Nov 7, 2011

Monday

Today was a normal day by starting off with breakfast. What did I eat breakfast. lol I cant remember if I did. All well, today started off as normal, me not remembering anything and trying to focus as I try and wake up. It has been kinda bad I have been going to bed to early by my standards I normally go to bed around midnight. But lately I have been going to bed at 10:30 or 11:00 witch has kinds screwed up my sleeping pattern.

My stress level has been fluctuating the past couple of days though. I don't know why though because I don't have anything to be stressed about. Well I guess I do, finding work is the only thing that I can think about right know that would cause me stress.

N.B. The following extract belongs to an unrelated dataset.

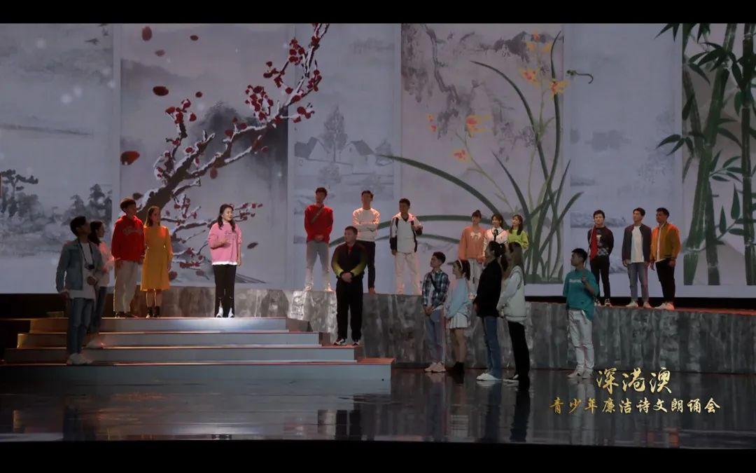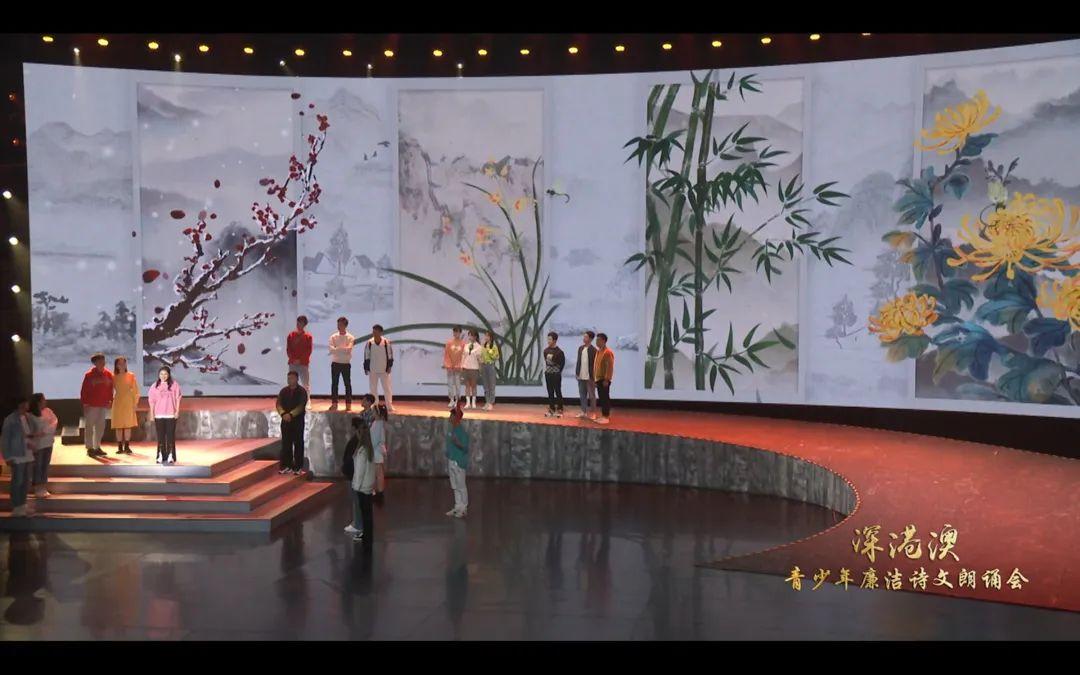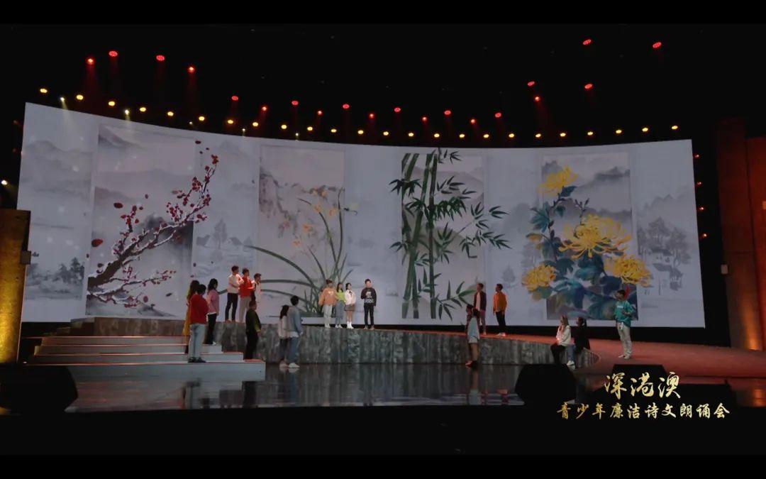 朗诵会节目《古诗集锦》便集中表现了对清正廉洁、公正为民的高尚精神追求,四首诗歌的朗诵形式别出心裁,以音效造景,如雨声、雪声、溪水潺潺之声,辅之以梅兰竹菊的条屏,带领观众沉浸式体验、立体式感受,同沐廉洁之风,共赏廉洁之韵。

I have been working out on the exercise bike today for a while to try and boost my heart strength, and also because I need to lose some wight as well.  I think that I need to tighten the tension on the bike though because I was on there for 15 min and my heat rate never went about 145 witch is ok but I need it to get a little higher I think if I want to build it up a bit more.

I went to F.H.E. tonight it was alright we played some games. But honestly I just wasn't in the mood to do anything. In fact I really haven't been in the mood to do anything most of the day. Sometimes I really hate myself for not doing what I should have done, and yet not doing it. even though I had ample opportunity to do it in. Its not like it was something big, or something that in dire need of doing, it was something small. It was one of those things that you take for granted, and don't do enough of. I didn't do it, and I know I should have I am just gutless I think because the only reason why I didn't was because somebody else was there. I know I that shouldn't bother me. I feel really tarable now, it not like its was that important well, to me it is very important and the only reason why I didn't do it was because somebody was watching. Come on man its not like it is going to hurt or anything. As a matter of fact it hurts right now.

 Anyways after FHE I went over to a friends house with a couple of friends and we watched Magamind I have never seen that movie before and I thought it was really good.